Experiencing this behavior with a lot of machines since a few months. Didn't noticed it at first but a few machines didn't received the config profiles that I've build so after some digging I stumbled upon this:

5 out of the 15 machines that I've checked had a few commands pending so I think that roughly 1 third of my clients has this issue.

I would like to try the sql commands to clear out the "stuck" entries. Which commands are used to do this? Running Casper 9.81 btw.

Thanks!

Anyone?

I'v seen this behavior as well.
I'd love some sort of solution to this as I feel a bit stuck with my hands tied when this stuff happens.

I'm having issues with this as well, seems to have started a few days ago. It is happening with our iOS and OS X clients. The management commands are stuck in a "pending" state but occasionally move to the "failed" with the following error:

There was a problem communicating with a push server

After a few seconds, it cycles back to "pending."

@jescala

Are you using JAMF Cloud or on Prem?

After examining an affected system I came to the conclusion that this occurred in my environment due to the fact that the user deleted his System.keychain which holds the certs that Casper uses to do mdm related stuff.

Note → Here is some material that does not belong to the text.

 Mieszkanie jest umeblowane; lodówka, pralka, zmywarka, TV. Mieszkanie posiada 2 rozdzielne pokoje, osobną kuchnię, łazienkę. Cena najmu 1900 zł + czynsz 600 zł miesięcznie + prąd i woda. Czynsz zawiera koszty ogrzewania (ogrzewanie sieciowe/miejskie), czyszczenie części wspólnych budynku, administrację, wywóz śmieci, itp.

Re-enrolling fixed this! Ugh, users with local admin rights sometimes give me a headache...

@bwiessner We have an on prem cluster.

We have the same issue here, we are using Jamf Cloud, Jamf client 9.82.

The issue is still going on, commands are getting pushed but the client is not executing them. Is there anything that could help me to debug it on the client? I checked /var/log/jamf.log but nothing in there.

Casper 9.82

I'm too am having similar issues pushing out specific profiles to random machines in our fleet at this time. Using the command @denmoff proposed has worked for us. Would someone mind sharing the SQL commands used to purge the database of pending commands?

Thanks,
Roger

I'm beating my head against this problem as well. As with CasperSally above, the problem may be exacerbated by the fact that we also delete home directories.

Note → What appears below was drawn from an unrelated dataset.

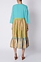 Featuring a sky blue and gold tiered dress with 3/4th sleeves.
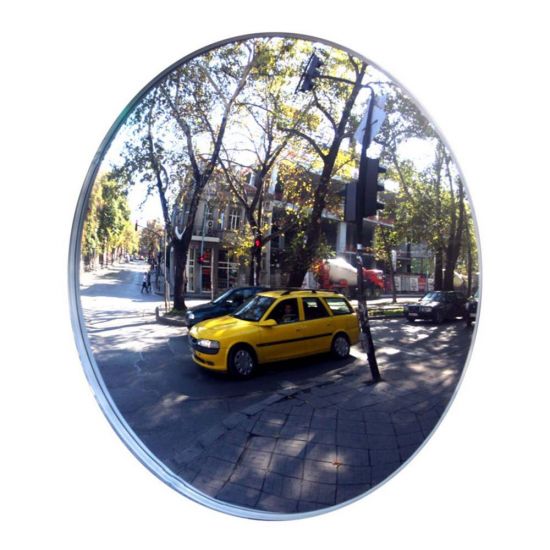 Oglinda stradala rotunda cu diametru 900 mm, varianta economica, fara bordura, de exterior se foloseste cu mare succes pentru sporirea vizibilitatii. In plus aceasta se foloseste si pentru a imbunatati siguranta rutiera.

I'm trying to use device assignments to push an AppStore app out to all of my lab machines, and so far, of 103 targeted machines, only 11 have actually installed the app. Checking a random sampling, all of the computers have a fairly lengthy list of stacked up MDM commands, and on most of them, the install app command is mixed in.

More frustratingly, the "Cancel all pending and failed management commands" action doesn't seem to do anything. I've run that, then gone in and the list is untouched.

I've just updated us to 9.96, and we're running 10.11.6 on our clients.

I'm totally fed up with this as well. We have about 600 macs and as others have said, we delete any local student accounts on a restart.

We have constant build up of pending and failed commands I can't keep going through and manually clearing them all of the time!

I'm thinking about creating a policy that will run once a day, outside of the hours between 9am and 6pm which just removes the mdm profiles and reapplies them. I've asked Jamf if there's any danger in doing this.

Hopefully no 802.1x profiles are required else computers won't connect again to get profiles reapplied.